## The Jordan Normal Form

The last term of the year has ended and I am already missing the many and varied human connections that I made with my students.  A period of enforced extroversion has ended and I need to cope.  To mute all the emotions of separation I chose the following introvertish task and effectively disappeared into my thoughts.

I had recently reviewed a draft of a student paper on the Jordan Normal Form (JNF), a method of classifying square matrices.  The paper stimulated a desire, even need, to understand JNF’s more deeply.  By understanding I mean building on the models I currently use for linear algebra concepts to the extent that I would be able to explain JNF to other people, namely students. I entered upon this challenge knowing that  a practicing linear algebraist would have a more profound understanding than I could ever have.  The desire to understand and explain somehow touches the core of my being.  I am so lucky to be a teacher of math.

What follows will be fairly technical for what I assume is my usual reader. I will be assuming some familiarity with ideas from linear algebra like eigenvalue, diagonalization and characteristic equation.

After much thinking and rereading my old graduate linear algebra text, Linear Algebra and Matrix Theory by Evar. D. Nering (1963), here is my understanding of the Jordan Normal Form.  JNF is a method of classifying square matrices and therefore linear transformations by their actions on a basis set of vectors for the underlying vector space.  Matrices that have the same actions though on a different set of basis elements are considered similar.

The actions that such linear transformations can have are projection, stretching-shrinking, reflection, rotation and something in my ignorance I will call “shear.”  “Shear” is what you get if a square matrix can not be diagonalized through  standard eigenvalue/eigenvector methods.  There is a particular set of basis vectors (called eigenvectors if the matrix is diagonalizeable) that give a simplified representation of all matrices with a similar action.  If a matrix is not diagonalizeable, there is a clever choice of basis elements that gives a nearly diagonalized form.  This can happen only if there are roots, working in the complex field, of the characteristic equation with multiplicity greater than one.  JNF’s look like this.
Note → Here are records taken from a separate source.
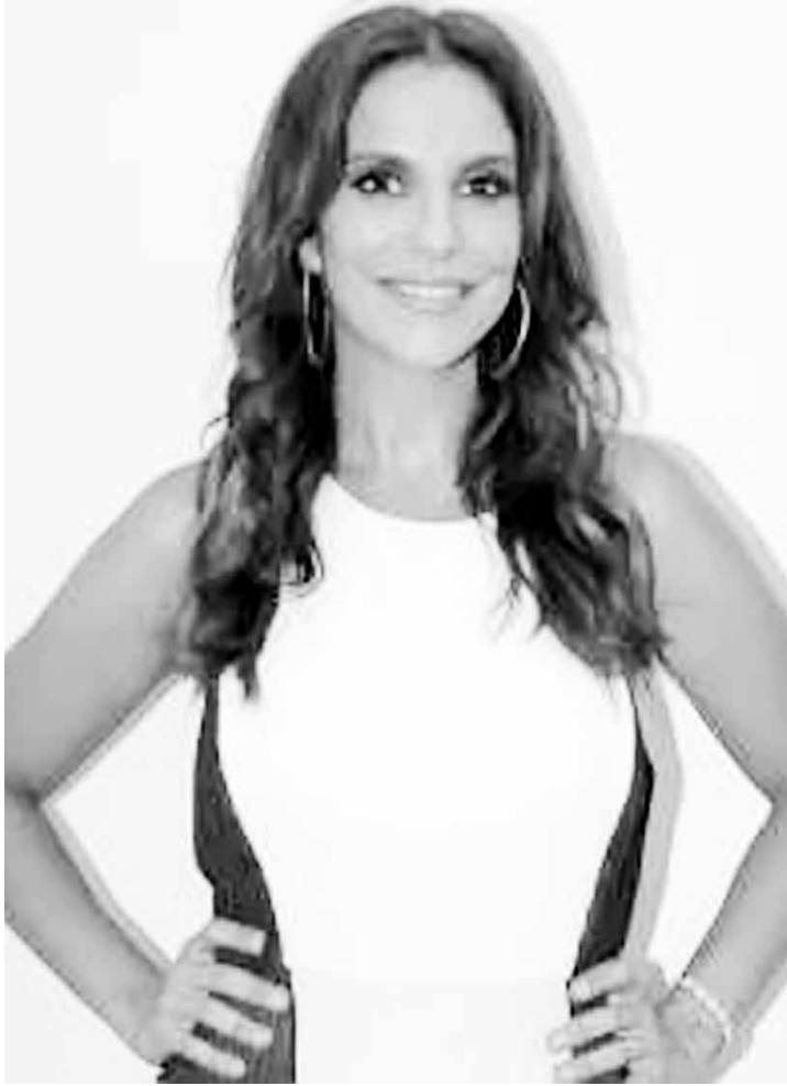
Ivete estará fora da edição Global

do programa e deverão permanecer em seus postos. Além disso, o nome de André Marques está garantido para a próxima edição do programa. O apresentador foi promovido pela direção da emissora a apresentador e a partir de Abril, quando o reality show volta ao ar, ele dividirá o palco com Fernanda Lima, que até então era a apresentadora principal da atração. André conseguiu essa promoção devido ao bom desempenho que teve na edição passada e, também, por ter conduzido com maestria o programa ‘Mais Você’ junto com Cissa Guimarães nas férias de Ana Maria Braga.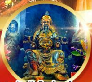
วัดปักไต้ฮ้องฮ่า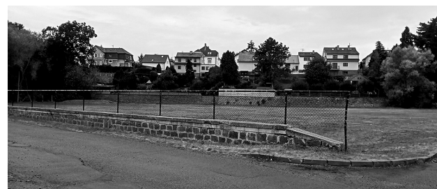
Tento plot na Mrskošovně už brzo nebude.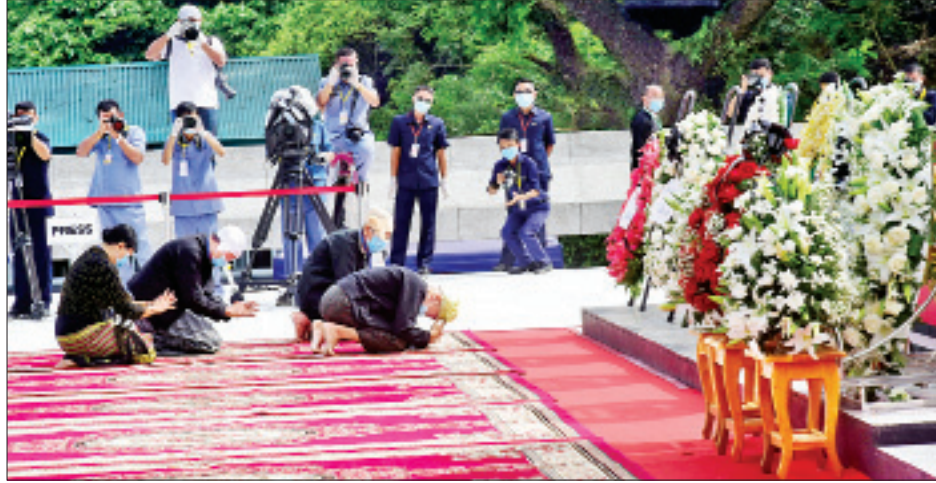
ဦးအုန်းမောင်ဂုဏ်မာန်၌ ဦးအုန်းမောင်၏ မိသားစု လွှမ်းမိုးမှုနှင့်အညီ ကန်တော့စဉ်။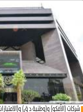
شركات (الفكو) و(وطنية دق) و(الامتيازات) والأظمة) الأكثر انخفاضا

تداول 665.3 مليون سهم عبر 22665 صفقة نقدية بقيمة 200.7 مليون دينار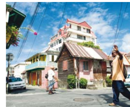
På Dominica råder en lantlig, rustik stämning.

mer vi fram till den ångande sjön som har en stark lukt av svavel. När vinden tillfälligt blåser bort ångan skymtar plötsligt den bubblande sjön fram. På stigen tillbaka genom bergen stannar vi till vid en liten naturlig pool där varmt och kallt vatten blandas till en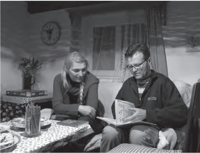
První literární večer Liberecké obce unitářů, Dlouhý Most, listopad 2015.

jít i na jiné programy a najednou máme vážného zájemce o členství, který to zase může říct dál.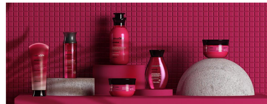
Figura 6: Nativa Spa.

Portanto, Natura e O Boticário conseguem soluções de design sustentável sem renunciar à originalidade dos produtos, quebrando as padronizações internacionais quando adicionam aos artefatos uma identidade brasileira, inspirada no bioma nacional. Por terem uma equipe multidisciplinar, com ajuda de biólogos e químicos, a visão de design não é comprometida e os produtos conseguem transmitir os valores das empresas.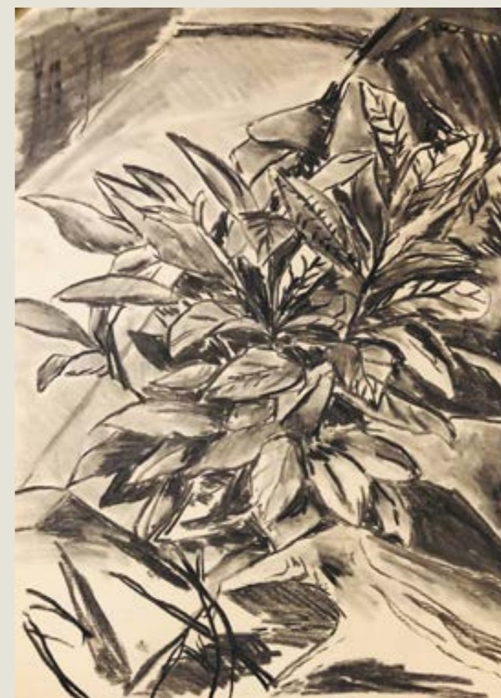
figura 8. arbusto , carvão sobre papel, 30x42cm , 2021.

Ainda que o senso de conjunto encontre um lastro muito grande na produção de paisagens, Maderuelo, autor do tema, é enfático ao colocar no centro da experiência paisagística o olhar contemplativo que a cria. Este olhar contemplativo muitas vezes é confundido com um olhar passivo, externo a ponto da ausência — um olhar que não interfere. Mas penso que este olhar passivo não exista completamente, digo isso refletindo sobre meus motivos na produção destes desenhos. Observo que ao produzir um desenho paisagístico me aproximo do tema, trago para mim, aculturo a imagem e de certa forma domestico o ambiente, no sentido de tornar aquilo representado em algo mais próximo a “familiar”.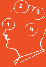
1 bis 4 Wahrnehmung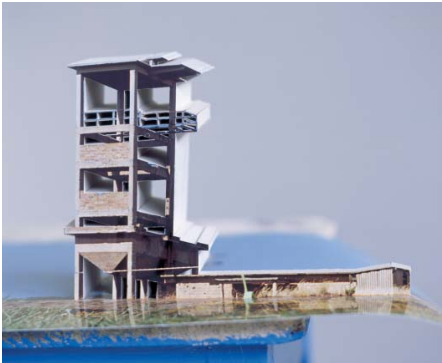
Piombino 2005 | 170 x 120 x 135 cm | Fotografie, Pappe, Glas, Metall, Beton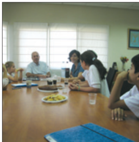
פראינים את ראש המועצה

בכתות. לצורך כך, נרכשו לכל כיתה מחשב, מקרן, מסך ברקו וחבור לאינטרנט, והמורה תיעזר בציוד כדי להעשיר את הלמידה. התלמידים לא יצטרכו יותר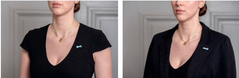
Fig. 8. Medaljrosett på klänning och jacka för dam.

Till mörk kavaj (=svart, mörkt blå eller mörkt grå kostym) kan en ordensknapp, clips eller rosett i knapphålet ange innehav av utmärkelse till vardag eller festligare sammanhang.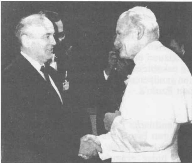
Gorbachob eta Aitasantua alkarrekin 1989'ko Abenduaren 1'ean Vaticano'ko egoitzan.

Joan Paulo II'arekin egon-berria da, 80 minutuz alkarrekin. Amaitzerakoan, Aitasantuarekin bakarka egon nai zuela adierazi zuan. Eta, orrela, 5 minutuz egon ziran biak bakarrik ixilleko autumutuetan.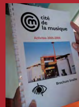
La Cité de la musique édite des brochures adaptées pour les personnes aveugles ou malvoyantes.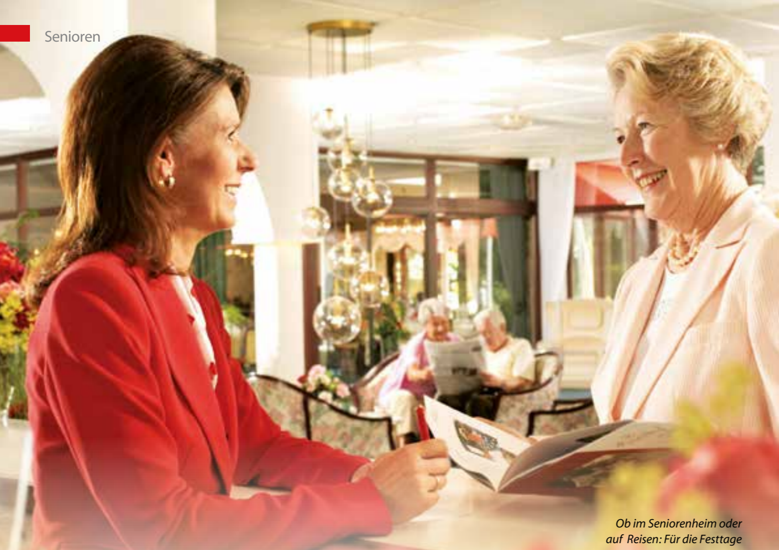
Ob im Seniorenheim oder auf Reisen: Für die Festtage gibt es viele Möglichkeiten, dem Alleinsein zu entfliehen.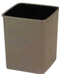
14 [A]角ダストボックス グレー乾漆 1-810-5 (小) ¥2,200 (18.4×18.4×21.8) 櫃20 1-810-6 (大) ¥3,150 (21.4×21.4×26) 櫃10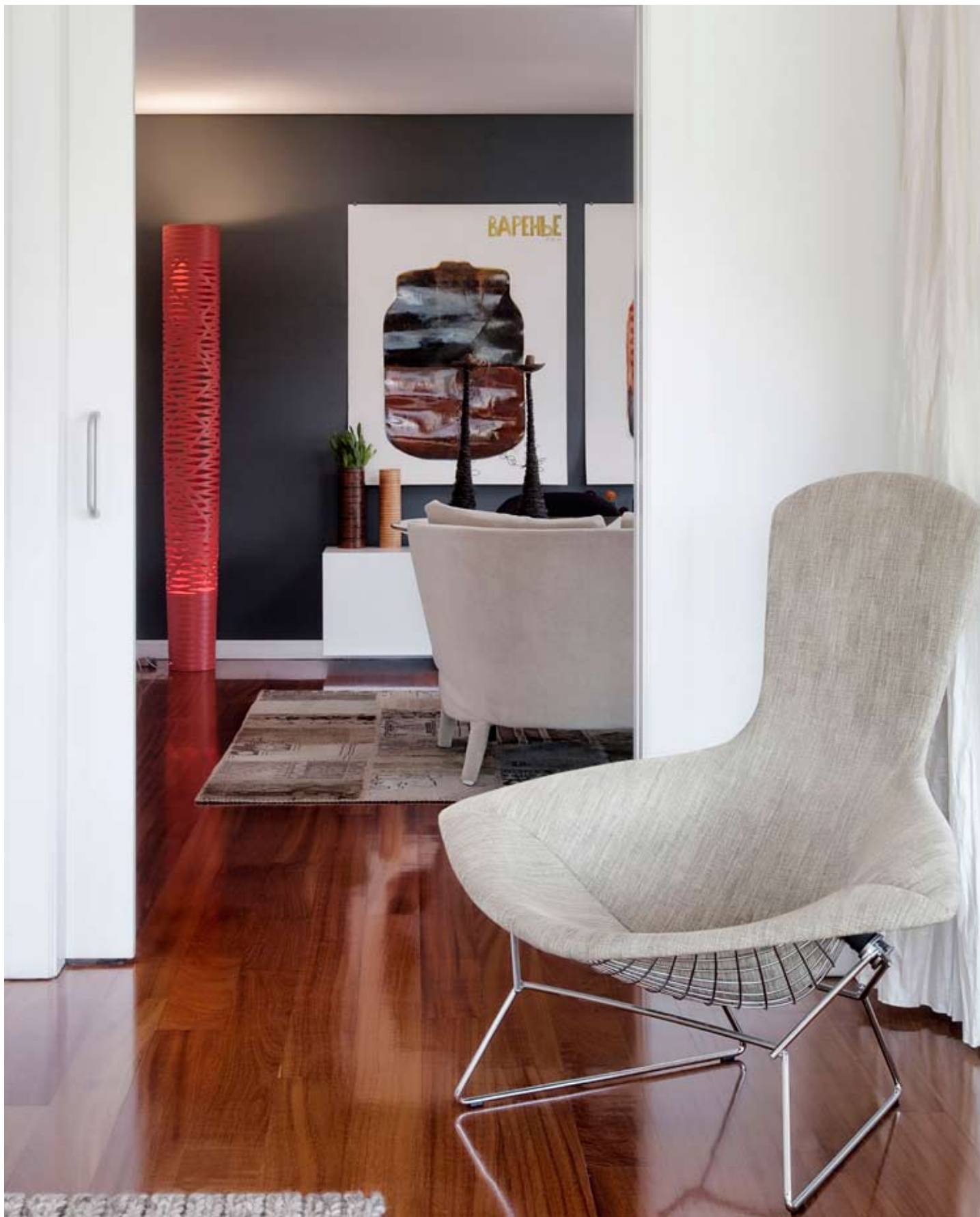
Кресло Bird, который знаменитый дизайнер Гарри Бертойя спроектировал ещё в 1952 году, отлично вписалось в современный минималистичный интерьер. Ковёр пастельных тонов в столовой на заднем плане — Gandia Blasco.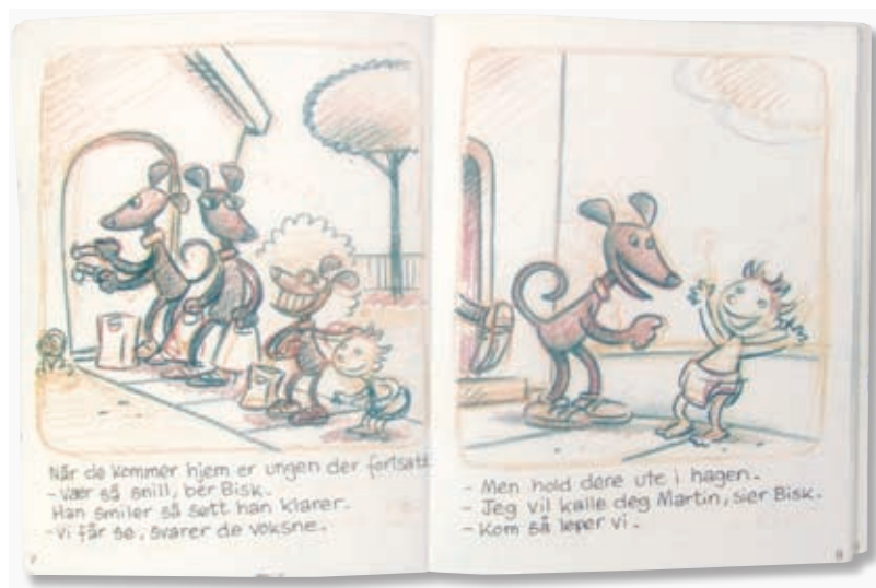
Skisser til boken Bisk får en liten unge . Hovedfiguren Bisk er en liten hundevalp som finner en gutt uten foreldre. Han maser seg til å få lov til å ta med ungen hjem.

– I andre omgang arbeider jeg fram en utgave med blyanttegninger, som er i riktig størrelse og så likt det ønskede resultat som mulig.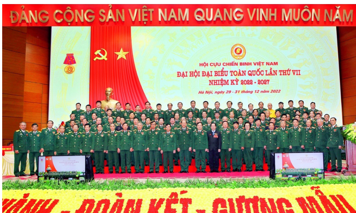
Ban Chấp hành Trung ương Hội Cựu chiến binh Việt Nam khóa VII, nhiệm kỳ 2022-2027.

Cựu chiến binh là những người đã trải qua chiến đấu, rèn luyện và trưởng thành qua khói lửa của các cuộc kháng chiến, đã có những cống hiến to lớn cho sự nghiệp đấu tranh giải phóng dân tộc, xây dựng và bảo vệ Tổ quốc, ngày nay đang là một bộ phận rất quan trọng của xã hội.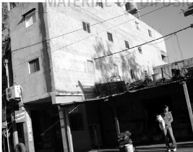
Parada de colectivo en el Barrio Güemes, 2007.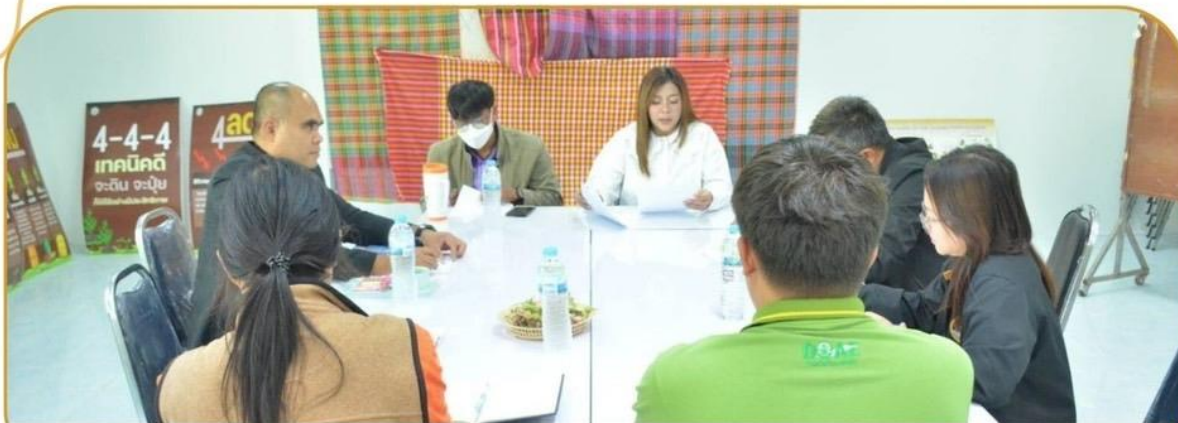
ภาพกิจกรรม 30 มกราคม 2568 ณ สำนักงานเกษตรอำเภอห้วยราช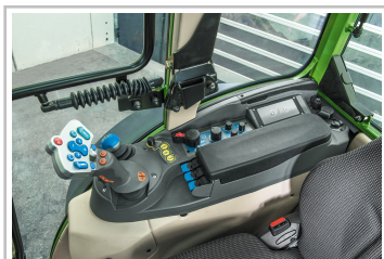
Fendt eVario 100.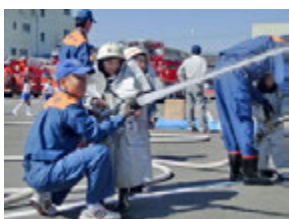
でもこの防火服ってとっても重いんだよね(@_@)

Simplified Jordan Normal Matrix Form

At this point after understanding how and why the basis elements are chosen (which I will not discuss here) I got interested in what “shear” was all about, so I wrote a script in Mathematica which I tweaked to produce the following figures annotated using Microsoft OneNote.

First I wanted to see the various actions on the usual orthogonal basis,  in two dimensions.

Projection – Stretch

Stretch-Shrink

Stretch-Reflect

Rotation

Shear

Next I wanted to see what would happen with a nonorthogonal basis like this for example.

2D Nonorthogonal Basis

An exploration of the actions on differing nonorthogonal bases would be interesting but I am stopping with just this one example.

Nonorthogonal Projection – Stretch

Nonorthogonal Stretch-Shrink

Nonorthogonal Stretch-Reflect

Nonorthogonal Rotation

Nonorthogonal Shear

Finally here are some examples from three dimensions with the usual orthogonal basis, .

Projection – Stretch – 3D

Stretch-Shrink-3D

Stretch-Reflect-3D

Shear-3D-Example 1

Shear-3D-Example 2

That’s it.  There are many unanswered questions (effect of different bases, how rotation works, etc) at least for me, but my introvertish self has been temporarily satisfied and now I can move on to preparing for next year.